Muse se incorporó un poco, todavía con la goma del lápiz en la boca.
– Muy ingenioso. Compras un coche usado. Lo pagas en efectivo. Das un nombre falso si es que lo das. Te dan los papeles, pero tú nunca haces el cambio ni lo aseguras. Robas una matrícula de un modelo idéntico y a correr.
– Sí. -Tremont sonrió-. Si no fuera por una cosita.
– ¿Qué?
– El tipo que les vendió el coche…
– ¿Les?
– Sí. A un hombre y a una mujer. Dice que él tenía treinta y tantos. Va a darme una descripción, pero tiene algo mejor. El tipo que les vendió el coche, Scott Parsons de Kasselton, trabaja en Best Buy. Tienen un sistema de seguridad muy bueno. Todo digital. Y lo archivan todo. Cree que pueden tener una película de ellos. Ha pedido a uno de los técnicos que la busque. Mandaré un coche a recogerlo, le mostraré algunas fotos y le sacaré la mejor identificación posible.
– ¿Tenemos algún dibujante que pueda trabajar con él?
Tremont asintió.
– Ya me he ocupado.
Era una buena pista, la mejor que tenían. Muse no sabía muy bien qué decir.
– ¿Qué más tenemos? -preguntó Tremont.
Muse le puso al día sobre la vacuidad de las facturas de las tarjetas de crédito, las llamadas de teléfono y los correos. Tremont se echó atrás y cruzó las manos sobre el barrigón.
– Cuando he entrado -dijo Tremont-, estabas chupando el lápiz con ganas. ¿En qué estabas pensando?

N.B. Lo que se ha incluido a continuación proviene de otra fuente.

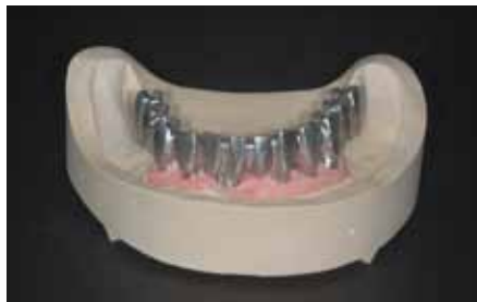
Fig. 25: Scaffold.

The scaffold was modeled with burn-out plastic copings, modeling plastic and wax. To avoid tensions in the modeling, separations and new joining together were made using pattern resin. A special embedding procedure enabled casting to be tension-free. The scaffold was checked on the model and in the mouth using the Sheffield test.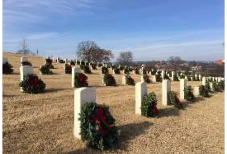
Wreaths at Chattanooga National Cemetery .....last December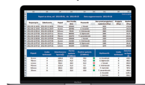
Kingspan Connect Dashboard sample

****Watchman Access is for customer's own use and not suitable for resale as is not 'weights & measures' approved.

– La premisa ahora es que se trata de un asesino en serie.
– Pero tú no te lo tragas -dijo él.
– No.
– Yo tampoco -dijo Tremont-. Revisemos lo que tenemos.
Muse se levantó para pasear.
– Dos víctimas. Por ahora, al menos, o al menos en esta zona. Tenemos a personas buscando, pero por ahora presupongamos que no encontramos nada más. Pongamos que éstas son todas. Pongamos que sólo son Reba Cordova, que podría estar viva, que nosotros sepamos, y la desconocida.

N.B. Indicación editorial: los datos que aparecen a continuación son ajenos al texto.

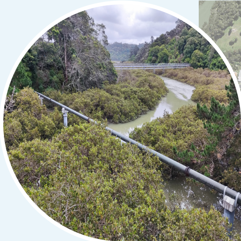
Existing wastewater pipeline over the Kaipatiki Creek.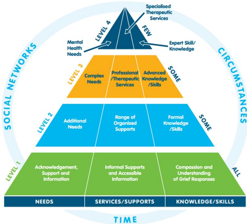
Figure 1 The Bereavement Pyramid based on the one developed by the Irish Hospice Foundation [4]

– De acuerdo -dijo Tremont.
– Y vayamos un paso más allá. Pongamos que existe una razón para que esas dos mujeres sean las víctimas.
– ¿Cómo qué?
– Todavía no lo sé, pero por ahora sígueme. Si existe un motivo… olvídalo. Aunque no exista un motivo y supongamos que esto no lo ha hecho un asesino en serie, tiene que haber una relación entre nuestras dos víctimas.
Tremont asintió, viendo adonde quería ir a parar.
– Y si existe una relación entre ellas -dijo-, podría ser perfectamente que se conocieran.
Muse se paró de golpe.
– Exactamente.
– Y si Reba Cordova conocía a la desconocida… -Tremont le sonrió.
– Podría ser que Neil Cordova también la conociera. Llama al Departamento de Policía de Livingston. Pídeles que traigan a Cordova. Tal vez él pueda identificarla.
– Voy.
– ¿Frank?
Él se volvió.
– Buen trabajo -dijo Muse…
– Soy un buen policía -dijo él.
Ella no le contestó.
Él la señaló con un dedo.
– Tú también eres buena policía, Muse. Puede que muy buena. Pero no eres una buena jefa. Un buen jefe hace salir lo mejor de los buenos policías. Tú no lo has hecho. Tienes que aprender a mandar.
Muse sacudió la cabeza.
– Sí, Frank, claro. Mi falta de capacidad de mando hizo que metieras la pata y pensaras que la desconocida era una puta. Culpa mía.
Él sonrió.
– Era mi caso -dijo.
– Y metiste la pata.
– Puede que me equivocara al principio, pero sigo aquí. No importa lo que piense de ti. No importa lo que tú pienses de mí. Lo único que importa es que se haga justicia para mi víctima.